Segment Start: DATA RECORDS

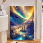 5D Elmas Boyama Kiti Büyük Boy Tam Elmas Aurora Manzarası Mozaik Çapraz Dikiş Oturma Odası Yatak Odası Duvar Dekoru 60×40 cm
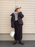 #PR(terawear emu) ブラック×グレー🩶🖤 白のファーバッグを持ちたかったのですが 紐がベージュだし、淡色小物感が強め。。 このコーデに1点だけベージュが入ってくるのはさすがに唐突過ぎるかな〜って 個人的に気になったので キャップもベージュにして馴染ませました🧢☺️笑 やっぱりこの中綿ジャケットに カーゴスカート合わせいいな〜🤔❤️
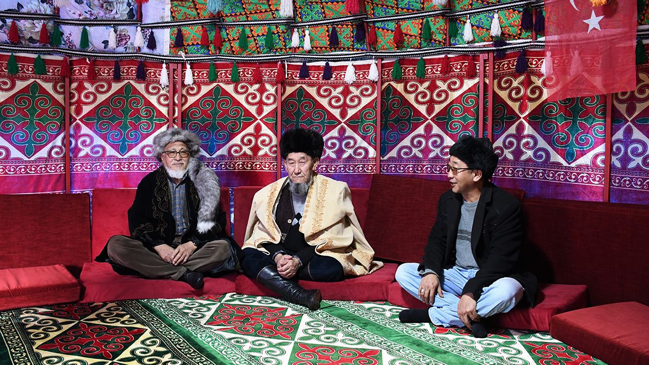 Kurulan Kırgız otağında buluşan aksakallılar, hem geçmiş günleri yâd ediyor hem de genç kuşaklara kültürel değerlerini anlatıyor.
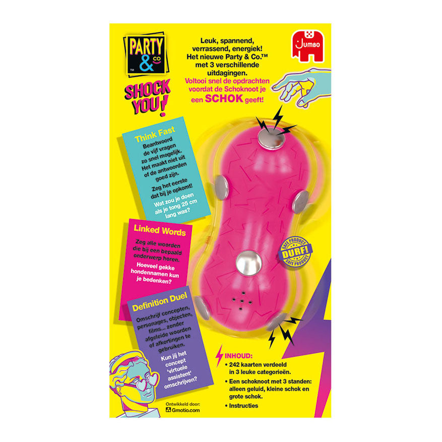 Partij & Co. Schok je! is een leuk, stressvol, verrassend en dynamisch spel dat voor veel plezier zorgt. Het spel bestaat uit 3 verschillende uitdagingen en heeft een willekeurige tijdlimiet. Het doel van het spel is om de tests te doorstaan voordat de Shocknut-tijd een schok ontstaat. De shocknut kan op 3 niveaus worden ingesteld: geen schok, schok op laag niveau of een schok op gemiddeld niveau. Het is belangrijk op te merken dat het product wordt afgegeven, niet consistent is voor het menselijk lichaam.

Segment End: DATA RECORDS
Segment Start: DATA RECORDS

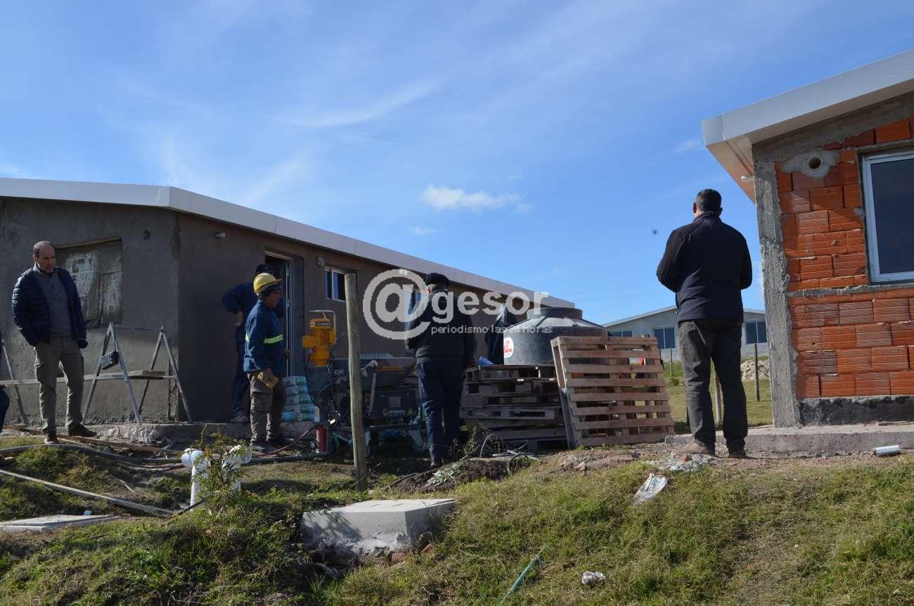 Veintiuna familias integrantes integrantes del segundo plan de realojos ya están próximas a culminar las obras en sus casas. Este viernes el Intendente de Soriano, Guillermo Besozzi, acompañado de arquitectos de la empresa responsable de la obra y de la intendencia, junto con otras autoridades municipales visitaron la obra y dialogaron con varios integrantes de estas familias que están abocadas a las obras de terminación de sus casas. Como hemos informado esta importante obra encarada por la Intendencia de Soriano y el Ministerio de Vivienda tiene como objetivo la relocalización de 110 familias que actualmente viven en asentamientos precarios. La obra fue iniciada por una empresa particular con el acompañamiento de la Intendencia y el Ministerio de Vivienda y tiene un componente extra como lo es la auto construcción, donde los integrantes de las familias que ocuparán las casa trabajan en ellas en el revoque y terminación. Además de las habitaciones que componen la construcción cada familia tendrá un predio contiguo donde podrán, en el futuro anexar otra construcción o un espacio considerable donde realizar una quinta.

Segment End: DATA RECORDS

Could you output exactly the lines above, from the line with "5D Elmas Boyama" up to and including the line with "#PR(terawear emu) ブラック×グレー🩶🖤", and nothing else, skipping the pictures?

SOLUTION TO THIS EXERCISE.
 5D Elmas Boyama Kiti Büyük Boy Tam Elmas Aurora Manzarası Mozaik Çapraz Dikiş Oturma Odası Yatak Odası Duvar Dekoru 60×40 cm
 #PR(terawear emu) ブラック×グレー🩶🖤 白のファーバッグを持ちたかったのですが 紐がベージュだし、淡色小物感が強め。。 このコーデに1点だけベージュが入ってくるのはさすがに唐突過ぎるかな〜って 個人的に気になったので キャップもベージュにして馴染ませました🧢☺️笑 やっぱりこの中綿ジャケットに カーゴスカート合わせいいな〜🤔❤️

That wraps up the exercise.